*** Recorded data ***
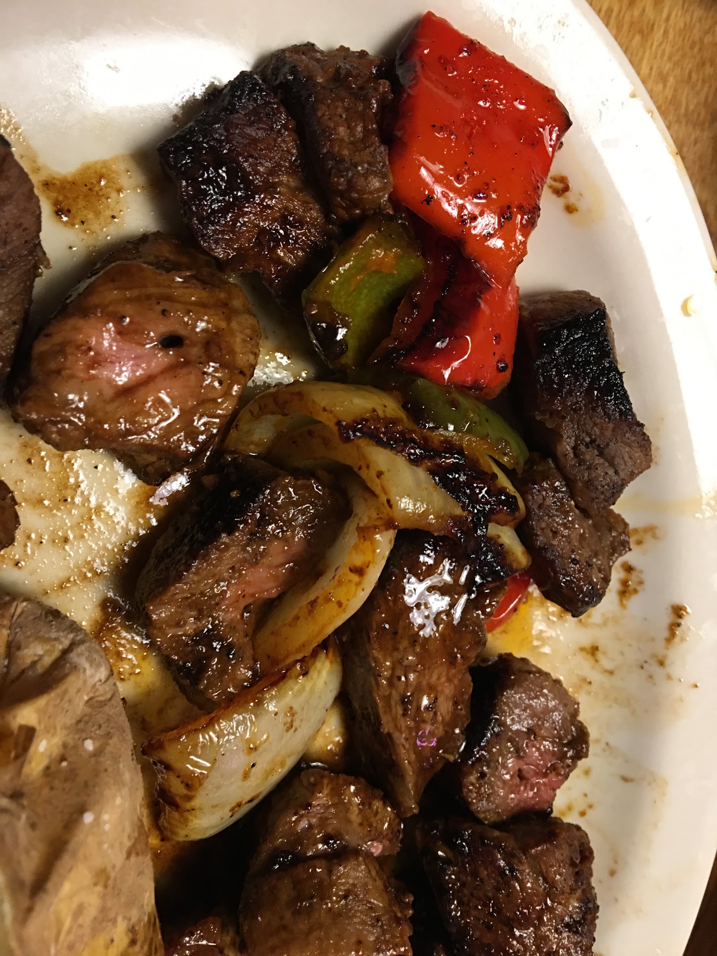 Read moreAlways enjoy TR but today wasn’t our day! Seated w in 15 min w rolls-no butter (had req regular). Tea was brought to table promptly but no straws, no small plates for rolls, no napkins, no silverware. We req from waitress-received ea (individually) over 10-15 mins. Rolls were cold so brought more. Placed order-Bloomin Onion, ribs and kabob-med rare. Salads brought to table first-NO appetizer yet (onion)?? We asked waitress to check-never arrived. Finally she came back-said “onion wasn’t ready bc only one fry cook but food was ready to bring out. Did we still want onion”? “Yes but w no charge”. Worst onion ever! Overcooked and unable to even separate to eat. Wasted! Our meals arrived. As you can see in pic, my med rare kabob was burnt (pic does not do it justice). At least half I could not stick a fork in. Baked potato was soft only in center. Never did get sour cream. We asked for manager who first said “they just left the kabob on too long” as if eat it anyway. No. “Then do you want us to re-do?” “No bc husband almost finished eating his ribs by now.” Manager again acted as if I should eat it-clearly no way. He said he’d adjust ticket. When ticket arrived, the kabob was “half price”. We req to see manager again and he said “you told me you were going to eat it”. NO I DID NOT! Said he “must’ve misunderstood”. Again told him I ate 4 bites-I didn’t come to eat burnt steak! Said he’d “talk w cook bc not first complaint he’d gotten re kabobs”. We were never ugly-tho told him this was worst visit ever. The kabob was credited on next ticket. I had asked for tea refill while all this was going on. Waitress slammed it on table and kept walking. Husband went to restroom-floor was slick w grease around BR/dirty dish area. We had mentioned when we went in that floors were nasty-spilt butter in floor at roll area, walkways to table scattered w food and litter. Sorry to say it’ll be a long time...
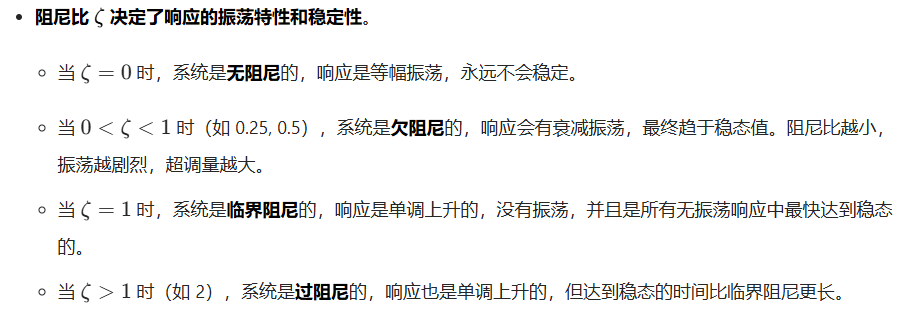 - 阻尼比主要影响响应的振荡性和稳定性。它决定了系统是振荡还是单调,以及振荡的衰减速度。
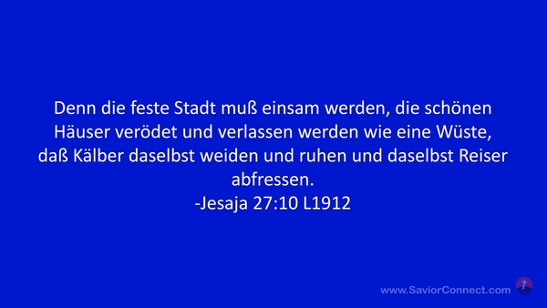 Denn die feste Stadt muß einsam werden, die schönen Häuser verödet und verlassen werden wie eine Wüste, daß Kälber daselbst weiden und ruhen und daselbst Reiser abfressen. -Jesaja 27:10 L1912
***
*** Recorded data ***
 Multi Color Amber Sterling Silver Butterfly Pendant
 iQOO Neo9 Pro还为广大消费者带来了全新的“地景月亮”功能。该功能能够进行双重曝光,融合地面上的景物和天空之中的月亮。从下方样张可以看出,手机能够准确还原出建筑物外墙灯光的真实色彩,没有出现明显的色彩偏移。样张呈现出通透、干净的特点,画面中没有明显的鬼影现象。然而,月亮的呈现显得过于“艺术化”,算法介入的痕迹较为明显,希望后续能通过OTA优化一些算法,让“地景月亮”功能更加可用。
***
After locating "- 阻尼比主要影响响应的振荡" and "Denn die feste" in the records above, return exactly the line holding each one and every line between them; leave out the pictures.

 - 阻尼比主要影响响应的振荡性和稳定性。它决定了系统是振荡还是单调,以及振荡的衰减速度。
 Denn die feste Stadt muß einsam werden, die schönen Häuser verödet und verlassen werden wie eine Wüste, daß Kälber daselbst weiden und ruhen und daselbst Reiser abfressen. -Jesaja 27:10 L1912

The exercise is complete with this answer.